Christina DiIorio-Sterling, a spokeswoman for the US attorney’s office, would not comment on whether prosecutors will retry Hebshie. “We are reviewing the ruling,’’ she said.
Salem attorney Jeanne M. Kempthorne began representing Hebshie after his conviction. “There wasn’t any evidence against him,’’ she said. “It was just so deficient.’’
She added: “You have investigators who apply principles of science in a shoddy manner, and you have prosecutors and, unfortunately, defense lawyers who aren’t probing hard enough to see whether there is any real content to the opinions that these so-called experts are proffering. And that is an everyday problem.’’
The fire broke out on the afternoon of April 21, 2001, in a two-story commercial building in Taunton that housed Hebshie’s convenience store, Main Street Lottery & News Store, and two other businesses. Hebshie, who had left the store seven minutes earlier, became a suspect almost immediately.
The government asserted that the fire started in Hebshie’s store and that he used an accelerant to start the blaze in order to collect on a $30,000 insurance policy. The defense’s theory was that the fire had started accidentally in the basement.
State Trooper David Domingos, an investigator in State Fire Marshal Stephen D. Coan’s office, concluded that the fire started in the wall of Hebshie’s store, based on his interpretation of certain burn patterns, according to Gertner’s decision.
The judge said Domingos testified that he went to the basement and discounted it as the origin of the fire, but his report makes no mention of the basement and does not indicate he entered that area. She also said he did not take any photographs of the basement.
One of the nation’s leading fire scientists, John Lentini, who has investigated more than 2,000 fires, reviewed Hebshie’s case earlier this year and concluded that investigators misinterpreted evidence that indicated that the fire started in the basement.

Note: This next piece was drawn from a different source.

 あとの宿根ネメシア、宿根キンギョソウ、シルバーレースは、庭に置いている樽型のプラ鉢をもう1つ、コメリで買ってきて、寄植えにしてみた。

The dog was brought in to search for chemicals in the area where Domingos believed the fire started and registered an alert. The State Police Crime Laboratory identified the sample taken from the area as a light petroleum distillate, but it did not specify a chemical.

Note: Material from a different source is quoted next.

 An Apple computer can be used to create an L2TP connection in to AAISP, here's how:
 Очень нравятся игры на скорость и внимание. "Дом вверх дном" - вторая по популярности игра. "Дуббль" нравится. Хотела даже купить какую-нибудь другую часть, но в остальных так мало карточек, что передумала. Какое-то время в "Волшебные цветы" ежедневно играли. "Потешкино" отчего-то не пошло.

Gertner was critical of the methodology, noting that the dog was not brought to other areas, including the basement, to search for accelerants, and investigators failed to take additional samples from the building to determine whether the same chemical was found elsewhere. The judge said it was possible the chemical was from products sold or used in the convenience store.
“The rush to judgment problem was huge here,’’ Kempthorne said. “You could tell the prosecutors in this case that the science was wrong. They would not listen.’’
Shelley Murphy can be reached at email@example.com.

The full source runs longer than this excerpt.